Insulin that can be inhaled was briefly available to diabetics a few years ago -- but weak sales drove drugmakers to shut down their sales.
Now, a new inhalable insulin powder that's more effective than injected and oral treatments could be available as early as next year. Businessweek reports.
In a late-stage clinical trial, Afrezza showed positive results for controlling diabetes. Taken with a small inhaler (called Dreamboat), the powder helps insulin reach peak levels within 14 minutes -- matching the insulin release in non-diabetics when they eat.
According to the drug’s maker, California-based MannKind, in this latest study -- involving 518 patients with Type 2 diabetes (where cells fail to use insulin properly) -- Afrezza helped reduce long-term blood sugar levels. It’s also expected to be used by patients with Type 1 diabetes (where the body produces no insulin).

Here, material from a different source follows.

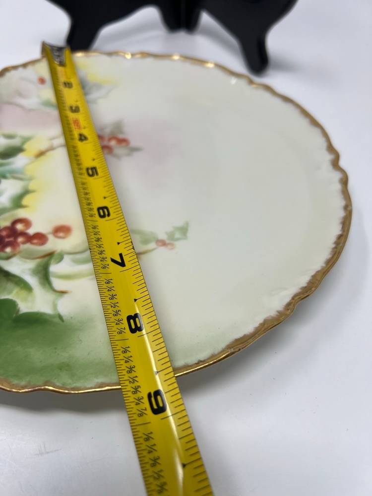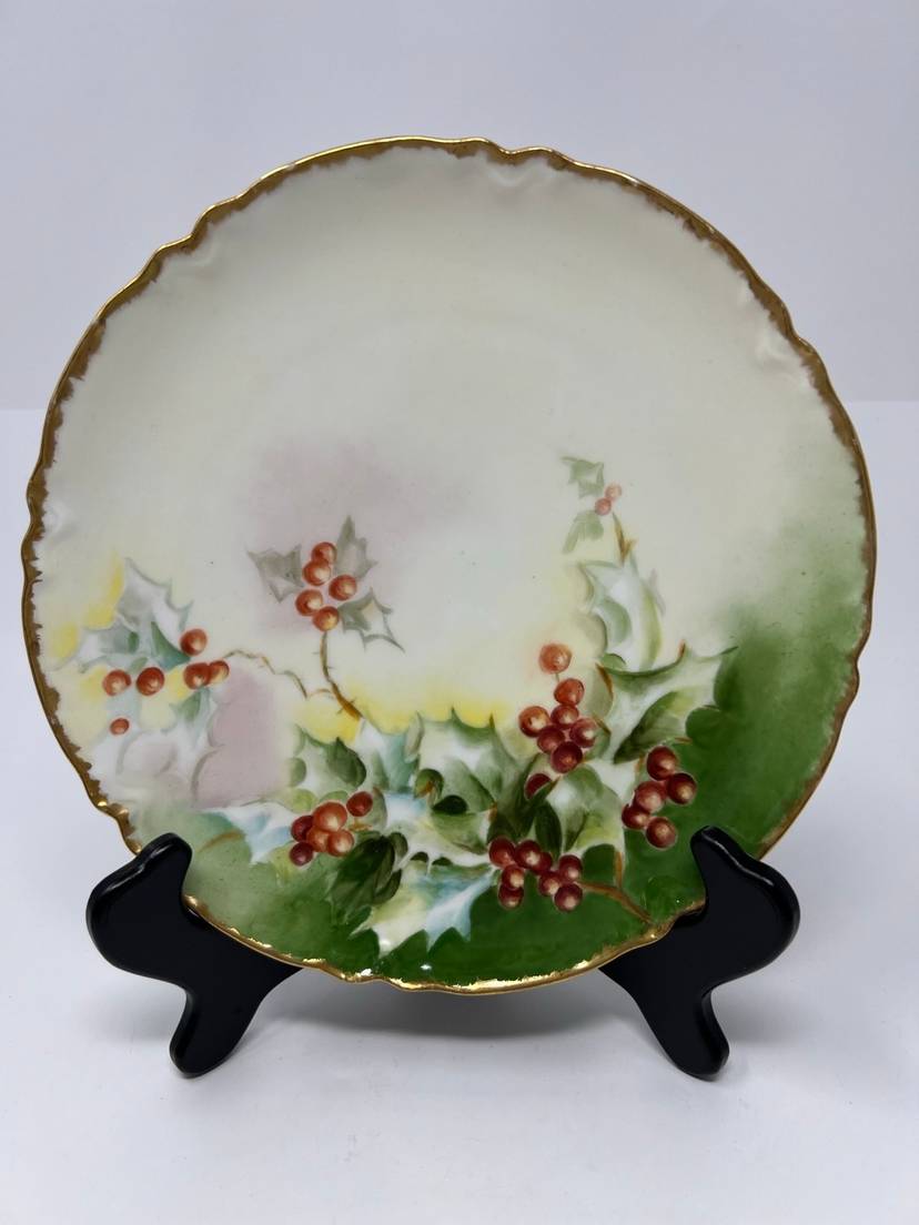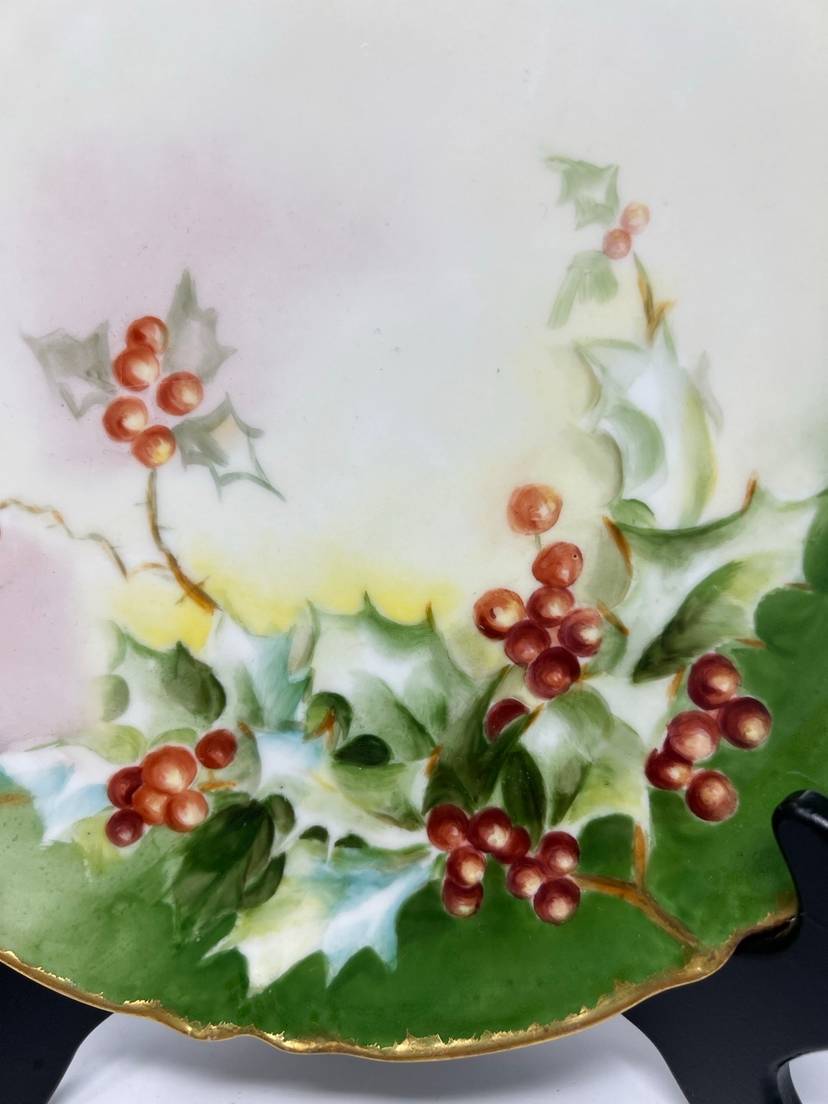 Add a touch of elegance to your dining table with this hand painted Haviland French Limoges Christmas Holly & Red Berries decorative plate. Crafted from high-quality porcelain, this plate features a stunning Christmas Holly pattern with a gold accent that will complement any festive table setting. Ideal for serving desserts or displaying as a decorative piece, this plate is a must-have for any collector or hostess. Whether you're hosting a holiday dinner party or simply enjoying a cup of tea, this plate is sure to impress.

Pharmaceutical companies have been working on inhalable insulin for a long time -- on the theory that diabetics would rather puff on an inhaler than give themselves a shot. They’ve faced high profile commercial failures in the past:
In 2007, Pfizer stopped selling its Exubera insulin powder because of weak sales after less than two years on the market. Exubera never gained traction, largely because insurers wouldn’t pay for it, saying it was too expensive and didn’t work for many patients. Eli Lilly & Co. and Novo Nordisk both ended inhaled insulin research programs in 2008.
According to MannKind last week, Afrezza is more effective than the prior drugs and could cost about the same as the current injectable insulin "pens" (about $2,000 annually).
The market for diabetes treatment is "so immense and it’s growing so rapidly," says MannKind’s Matthew Pfeffer. More than 8 percent of Americans have Type 2 diabetes. "While we think of our country as having an obesity and diabetes epidemic, we’re not even in the top 10 of incidence of diabetes."
The U.S. Food and Drug Administration rejected Afrezza in 2011. The company plans to file these latest results with the FDA this fall and expect a decision in 2014.